Saturday, September 02, 2006

Do You Believe?

"It was poisoned, Peter," she told him softly; "and now I am going to be dead."

"O Tink, did you drink it to save me?"


"But why, Tink?"

Her wings would scarcely carry her now, but in reply she alighted on his shoulder and gave his nose a loving bite. She whispered in his ear "You silly ass," and then, tottering to her chamber, lay down on the bed.

His head almost filled the fourth wall of her little room as he knelt near her in distress. Every moment her light was growing fainter; and he knew that if it went out she would be no more. She liked his tears so much that she put out her beautiful finger and let them run over it.

Her voice was so low that at first he could not make out what she said. Then he made it out. She was saying that she thought she could get well again if children believed in fairies.

Peter flung out his arms. There were no children there, and it was night time; but he addressed all who might be dreaming of the Neverland, and who were therefore nearer to him than you think: boys and girls in their nighties, and naked papooses in their baskets hung from trees.

"Do you believe?" he cried.

Tink sat up in bed almost briskly to listen to her fate.

She fancied she heard answers in the affirmative, and then again she wasn't sure.

"What do you think?" she asked Peter.

"If you believe," he shouted to them, "clap your hands; don't let Tink die."

Many clapped.

Some didn't.
Do you believe we can win the war in Iraq?

If you dont you are a defeatist and can't be trusted with the future of this country. Or at least that's the bill of goods our friends on the right are trying to sell us. Consider, for example, Rich Lowry's latest article.
On Iraq, the Democrats are the party of defeat. That's not a partisan smear, but a fact.
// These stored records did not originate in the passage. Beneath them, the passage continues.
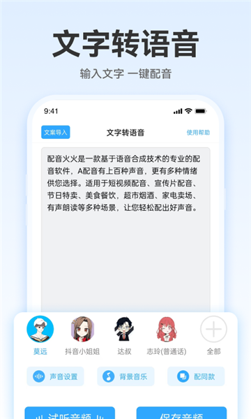 配音火火app是一款功能强大的专业配音软件,它重新定义了数字语音的边界。我们精心打造的声音库包含超过200种不同风格的声音类型,涵盖男声、女声、童声等多种音色,每种音色还提供8种以上的情绪变化选择。这些声音可以完美适配各类应用场景,包括但不限于短视频创作、商业广告、教育培训、游戏配音、有声读物等多元化需求。我们的智能配音系统支持30多种语言和方言,让您的作品能够触达更广泛的受众群体。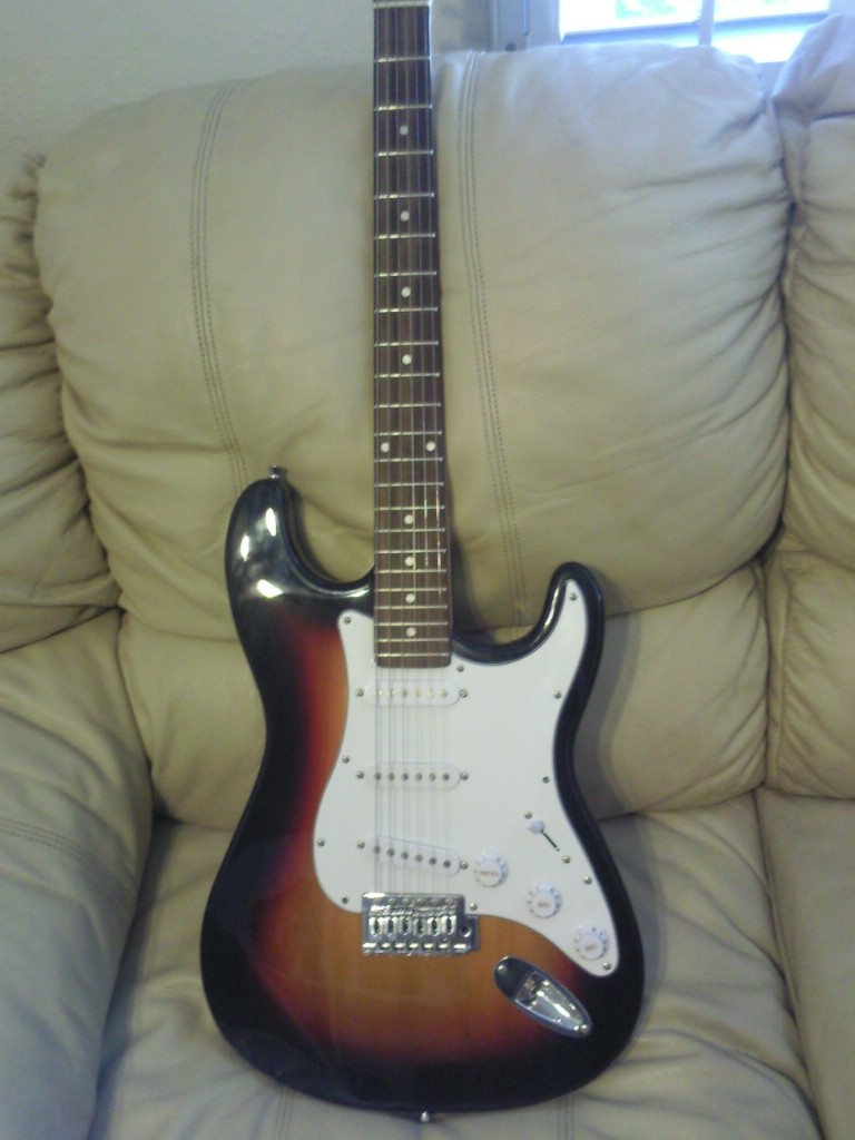 I'm convinced it's some starter Squire, but considering the neck was replaced before I bought it, I may never know. I might have gotten lucky and it's a full-blown Fender, but considering I got it and the amp for $80, I would be surprised if this held true. Nonetheless, it's been a great guitar, and I love it. ![]() My whatever-the-heck-it-is: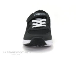 Un Ă©lastique noir est fixĂ© Ă l’arrière de la chaussure de sport fille, marquĂ© Kappa en lettres argentĂ©es.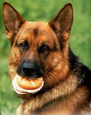 Rex´s favoritmat är kycklingbröst, anklever, korv och äpplen, men som vi vet knycker han till sig mackor av kollegorna när tillfälle ges..

The further we slide toward defeat, the higher the Democrats' political fortunes rise. To the extent they offer any clear policy alternative for Iraq, it is either -— depending on your point of view -— to admit, or to guarantee, defeat with a rapid drawdown of American troops. So, their political self-interest objectively coincides with a defeat, and the kind of pullout endorsed at times by high-profile leaders in the party would hasten it.
Or to put it another, if we Democrats would just clap our damn hands, hopes for victory in Iraq would still be alive.

Problem with that is that victory in Iraq isn't really determinant on American faith in the cause. Like Vietnam, victory in Iraq is largely dependent on factors that are outside our direct control. Things like the factions in Iraq figuring out how to work together. Or the Iraqi army and police getting strong enough to quell insurgents. Or the Iraqi government providing basic safety and services to the Iraqi people. Can we influence these things? Yes. Can we directly cause them to happen? Nope. That's up to the Iraqi people. And they may never come. My assessment is that they won't.

In a sense it's like playing roulette. The Republicans are wanting to stay at the table till the winning number pops up, no matter how unlikely that is. The Democrats don't want to piss away any more money on a losing wheel. Us clapping our hands or not clapping our hands has nothing to do with the wheel itself, any more than knocking on wood really keeps bad luck away.

Republicans are still hoping that enough Americans are willing to clap their hands to keep them in power.